A shareholder proposal seeking an investor vote on future “golden parachute” arrangements earned 57.8 percent support (based on votes cast “for” and “against”) at the May 27 annual meeting of Lowe’s Companies.
The proposal was filed by the Trowel Trades S&P 500 Index Fund, which is seeking a vote on future severance arrangements that would provide benefits that exceed 2.99 times the sum of the executive’s base salary plus bonus. The North Carolina-based home improvement retailer previously adopted a policy that provides for shareholder ratification of any new agreement that provides for a total cash value severance payment exceeding 2.99 times the sum of the salary plus bonus, but this policy excludes tax gross-ups, which can be significant.
Overall, 80 U.S. shareholder proposals have received majority support this proxy season, according to ISS data. Other recent votes include 84.5 percent support for declassification at Neurocrine BioSciences, a 86.9 percent vote for declassification at Thermo Fisher Scientific, and 78.3 percent approval for majority voting at Tessera Technologies.

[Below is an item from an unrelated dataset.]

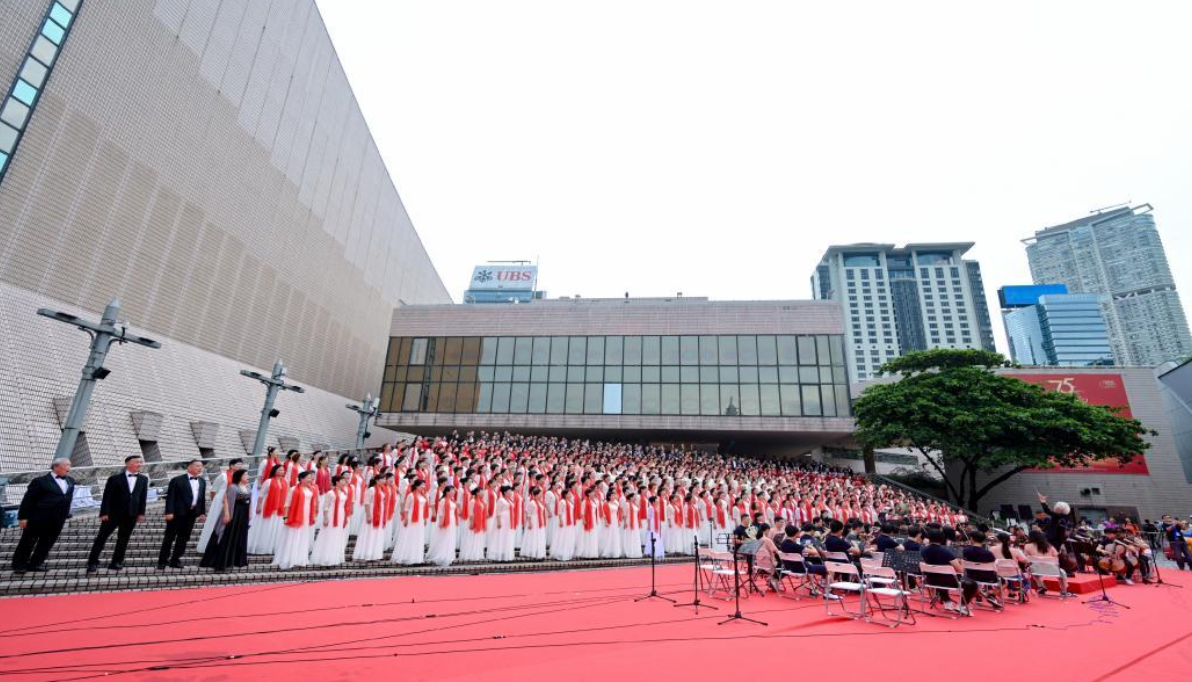 為慶祝中華人民共和國成立75周年,由香港青年愛樂樂團慈善基金會主辦,香港廣西社團總會合辦、廣州幸福晚晴發起、香港中國企業協會婦女委員會協辦的“慶祝中華人民共和國成立75周年 幸福唱中國·香港維港千人交響大合唱”活動,在香港特別行政區維多利亞港尖沙咀海濱隆重舉行。此次活動不僅是對祖國華誕的深情獻禮,也是全球華人共聚一堂,傳承經典,唱頌時代的盛舉。

Meanwhile, more issuers are filing proxy materials that include stand-alone golden parachute votes, as required by the Dodd-Frank Act for companies that seek shareholder approval for mergers and other transactions. Among those companies are: Lawson Software (June 29), K Sea Transportation (July 1), GS Financial (July 7), and Digital Angel (July 14). In addition, the agenda for the June 14 meeting of BioMimetic Therapeutics includes a bundled "say on pay"/golden parachute vote, one of the first ballot items of its kind this year.